BookWorm - the BongOCR: clip algorithm

Showing posts with label clip algorithm. Show all posts

Sunday, July 14, 2013

WhiteWashing and box files

Finally, I have fixed the padding-values for the WhiteWash algorithm and it seems to be working nicely.
Here is a preview of the current output :

However, the padding uses integer numbers right now. It will be better if I could somehow relate this to the document statistics. It should be interesting to try out later.

This success with the algorithm allows me to focus on the box file generation again. Currently, I have managed to generate this using my workaround in the virtual machine, and after tweaking Debayan and Sayamindu's original algorithm using pango.

The box file generated now looks like :

Which is improvement over the last time.

Now, I have to combine these two methods to try out my plan.

Next, I will make an entry sometime this week about my updated plans and goals for the midterm evaluation period.

So Long.

Monday, July 8, 2013

manual fix - working proof of concept

So I looked into the csv files and found the highest intensity y-coordinates using a pivot table, and the boundary coordinates for a line. And with those coordinates, my code generates these two images.
Boundary markers :

Intended whitewashed output :

This shows that the algorithm is correct, however, there is something wrong in the way the code is finding the maximum intensity line. Currently, I was using max( , key=itemgetter()) method to find the maximum intensity element within the sublist. I will try to do it in some other way.

So Long.

image wash - working

So, I fixed the code that wasn't working yesterday (putpixel). And the input ad output currently looks like this:
Original :

Output (NOTE : the black line is actually intended to be white, it's black here just for visualisation purposes)

Now, here we can see that the whitewashing code works. But it was supposed to overlap with the "matra", which did not happen, so it indicates a bug in my code that finds the location of the matra.
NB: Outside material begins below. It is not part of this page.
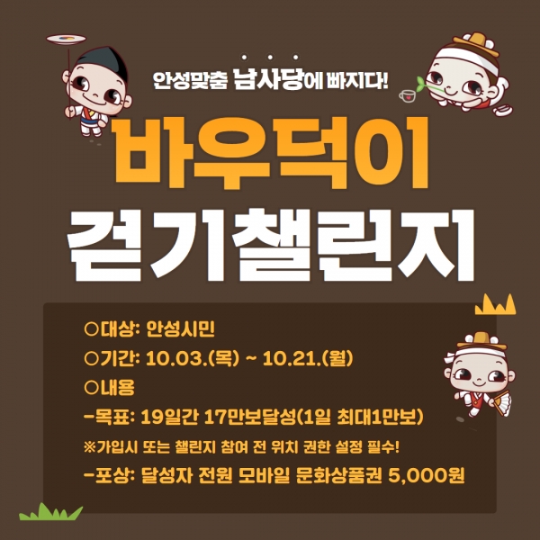 안성시보건소 관계자는 “이번 걷기챌린지로 시민들이 바우덕이 축제에 참여하고 걷기 습관을 정착하는 즐겁고 건강한 생활의 계기가 되길 바란다”고 전했다.

I was following something I learnt from Prof. Mostafa's class,(which I completed June'2013), and NOT looking at the data before making the model, but seems I will have to break the pattern, and delve deeper.

So, next thing on the list :

Go back and fix the bug in code to find the matra.

Also, Originally, the matra clipper was intended to work as a pre-processing module for Tesseract. But having worked with Tesseract 3.0 for real, I have a change of plan.

Now I intend to use it to whitewash the matras, and then introduce gaps between every character, making them into individual glyphs.

Then, we can use these glyphs easily to make new box files and train Tesseract.

Also, the Tesseract 3.0, combined with a few filters (see here) seems to work nicely with individual words at this level.

One sample input :

Final output :

At a word-level, that's a whopping 100% accuracy with just a few filters and a bit increase in the resolution. This proves the mettle for Tesseract 3.0 , and hope for Indic OCR.

However, as an insight, this project is turning out to be way more research-oriented than I initially thought. That makes it all the more interesting.

On a more personal note, I will be visiting Kolkata for a week from 14th to 22nd July. I will continue with the work, but may not be able to update the blog regularly, however, I can still be reached through emails.

And with that, It's about time to call it a night.

So Long.

Sunday, July 7, 2013

washed image test

Things are looking up since the last post.
The problems with the clipping code is fixed now, and it detects and writes the darkest pixels in each subdivision to a separate csv (yes, i love csvs). The modification it needed was the use of the indexes instead of using the coordinates directly. That did the trick.
Also, while at it, I optimised the code and now everything is under 50 lines. Once again, Notebook has been a great help, and I'm convinced it was a good decision to switch from Eclipse+PyDev to EPD.
However, the file now looks like this :

Then, I tried to wash-over those pixel with a putpixel(255) , i.e., white-line, but it doesn't seem to work.

Next on list :

Fix the part to "wash" the pixels
Talk to mentor if it's okay to push notebooks directly (sadly, I don't know much about software packaging)

Also, I have been thinking about the InfoRescue project, and I think I would modify my plans for the second half a bit. Will write more about that soon.
So Long.

Thursday, July 4, 2013

chop-chop

The work on the clipping code is going well. Thanks to Debayan for laying the ground-work for the algorithm.
It's complete to a point where it detects the lines as a whole, and for my convenience, prints the coordinates to a csv in a (line number, count) format. Here's an interesting glimpse :

The jump from line 66 to 124 represents a white gap, the space between the two lines.

However, it still needs some tuning. For instance, this :

the presence of 183 and 184 bothers me. It most probably represents some noise, and shows that the code still needs tuning.

But I admit, IPython notebooks are a great way to modularise and optimise when experimenting with code. It only enhances my love for Python.

Also, my algorithm is enhanced in a way as it should (in theory) be able to distinguish straight and curved lines, I'll get started on that modification after completing the basic code.

So Long.

p.s. - I'm starting to get worried now, as I think I am a bit behind the schedule I had set for myself. So push, push and chop-chop.